By the Judge in His Sternness

On Thursday, March 28, 1861, in Las Vegas, New Mexico Territory, Judge Kirby Benedict sentenced Sapello resident Paula Angel to hang for murdering her lover Juan Miguel Martin after he broke off the relationship. Inexplicably, Judge Benedict granted Angel’s lawyer, Spruce M. Baird, permission to appeal the verdict, but then ordered that the appeal could not be used as to delay her execution. In addition, Benedict ordered Angel to pay the cost for her trial and hanging.

While this sounds unfair, territorial law called for cost to be “recovered” from a convicted defendant. It was common for the property of convicted defendants to be auctioned off and the proceeds used to pay court costs. The Territory paid a convicted defendants prosecution costs only if the Sheriff certified that they weren’t able to pay and had no salable property.

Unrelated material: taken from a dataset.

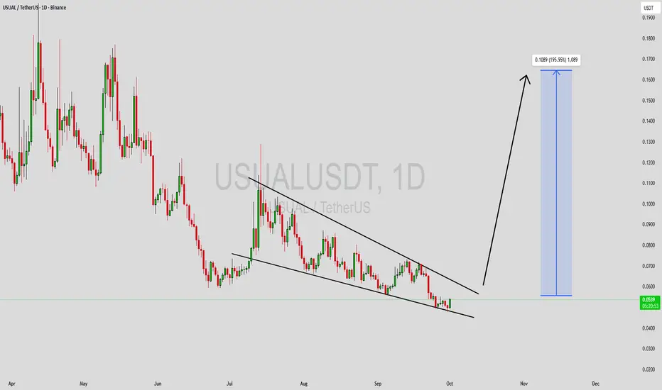 The falling wedge pattern here suggests that USUALUSDT could soon witness a powerful upward surge, potentially delivering gains of 140% to 150%+. Such a setup is attractive to traders and investors who closely follow breakout strategies, as the reward-to-risk ratio looks highly favorable. The volume confirmation adds further confidence, showing that accumulation is already underway in this pair.
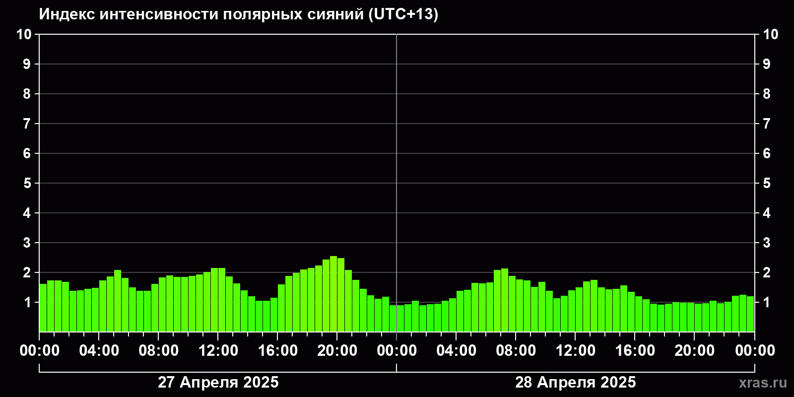 Изменения индекса интенсивности полярных сияний с 2025-04-27 по 2025-04-28 по местному времени

March 28.Kirby Benedict.Twitchell Leading Facts Vol II
Source: Leading Facts of New Mexico History,
R. E. Twitchell

Paula Angel was hanged on April 26, 1861. She is believed to be the only woman hanged in New Mexico Territory. But she hasn’t been forgotten partly because popular poet, and her cousin, Juan Angel wrote a long folk ballad about her crime and death. Here are a few of the lines.

To Las Vegas I was taken

by the judge in his sternness;

in the jail. I was placed,

surrounded by a thousand fears,

like a disgraced woman

in the town of Sorrows.

The jurors judged me

according to my crime;

to death. They sentenced me

because I killed Miguelitio. . .

Goodbye, pious women,

those of you who know how to feel;

look closely, do not become entangled,

do not allow yourself to be seduced.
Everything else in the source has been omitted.